Grep is a command-line utility for searching plain-text data sets for lines matching a regular expression. Grep was originally developed for the Unix operating system, but is available today for all Unix-like systems. It’s what I’ve been using so far to search through source files. It can be slow in big repositories with many binary artifacts, even when telling grep to skip those. But on individual files it is blazingly fast.
Ack has started in 2005 as an improvement over grep. If you know GNU grep, you know most of ack’s switches, too. Word-only searching with -w, case-insensitive searching with -i, etcetera. However, I find that it’s not really an improvement over grep. The claimed improvements from betterthangrep.com are
- It’s fast | Ack is slow compared to Grep
- It’s portable | Grep is even available on the most ancient unix systems, and on windows via mingw or gitbash
- It ignores VCS directories | This is a file find feature, not a pattern match feature
- Better search results | I.e. a whitelist of filetypes, which I don’t find an improvement. Again, this is a file find feature.
- Easy filetype specifications | This is a file find feature
- Creates lists of files without searching | This is a file find feature
- Match highlighting | Grep can do this with the –color switch
- Perl regular expressions | Grep can do this with the -P switch
- Command switches much like GNU grep | Well, guess what…
- “ack” is shorter than “grep” to type | alias ack=grep
So, Ack is slower and the easier CLI interface with slightly more advanced file finding features don’t justify the complete rewrite, that could have been just a CLI wrapper.
Ag is a mostly-compatible clone of Ack, started in 2011. Written in C, mostly by Geoff Greer. It uses tricks like pthreads, memory-mapped IO, Boyer-Moore-Horspool strstr(), and PCRE’s JIT to improve performance. It also supports some extra features, such as obeying gitignore/hgignore/svn:ignore.

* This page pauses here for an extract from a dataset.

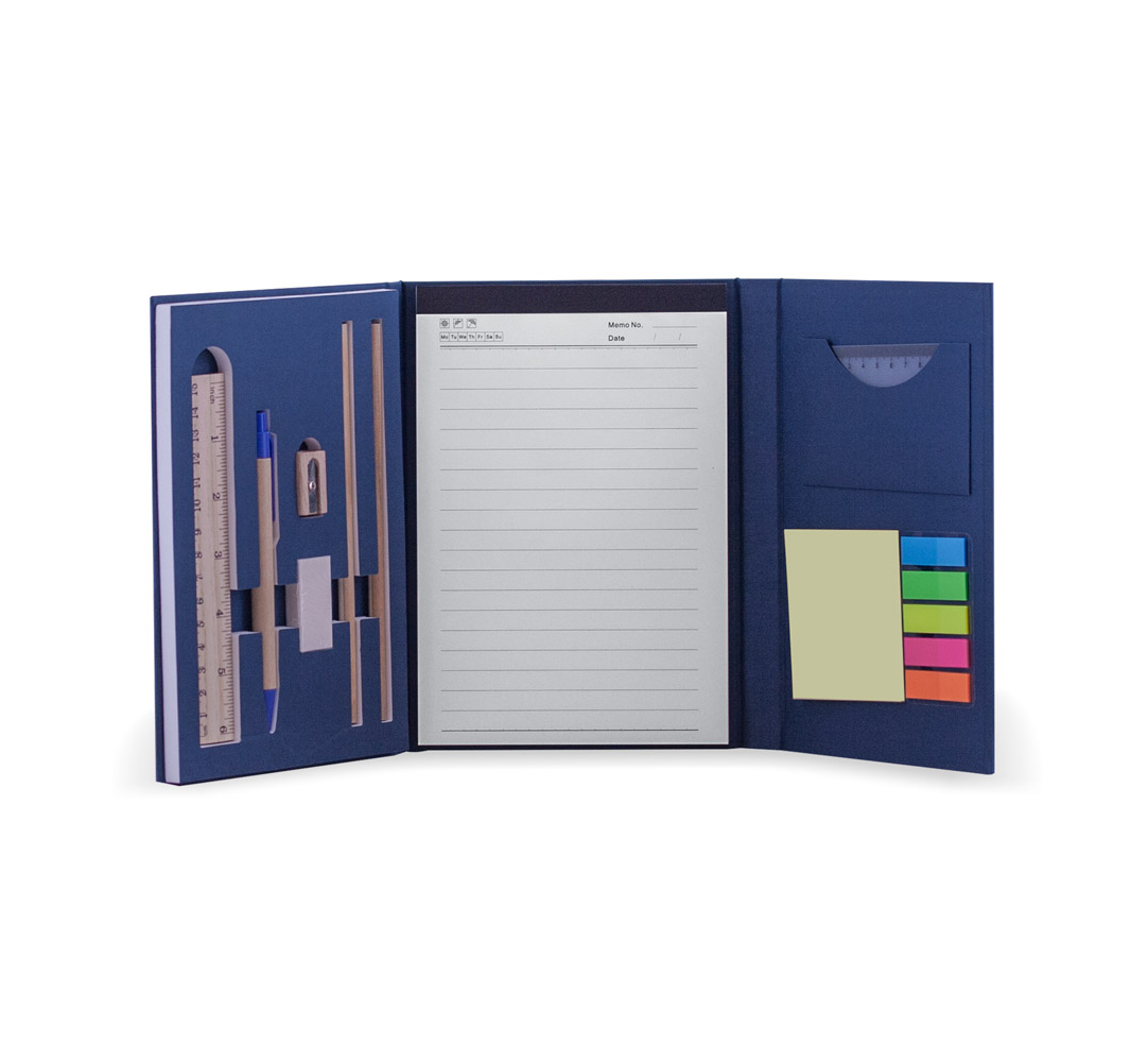 Еко тефтер с еко химикалка, моливи, линии, гума, острилка, 50 листа с редове, цвят на хартията слонова кост, самозалепващи листчета 6 цвята.

The searching tool shipped with git, called ‘git grep’ defaults to searching in the files that are tracked by git. This is fast and convenient, since Git grep can easily search through previous revisions, although I rarely need this.
git grep foo HEAD^
git checkout HEAD^; grep -R foo .; git checkout --
Git grep also improves the way filetypes can be specified
git grep 'test 123' -- \*.cpp \*.h
as opposed to
grep 'test 123' --include=\*.cpp --include=\*.h
Most importantly, git grep is faster than ack and ag, since it both utilizes the VCS file index and the blazingly fast pattern match tool called grep. So, we should not use Ack or Ag, but stick with
alias gg=git grep -IPn --color # For searching in repositories
alias gr=grep -rIPn --color # For searching outside outside repositories (or maybe non-tracked files)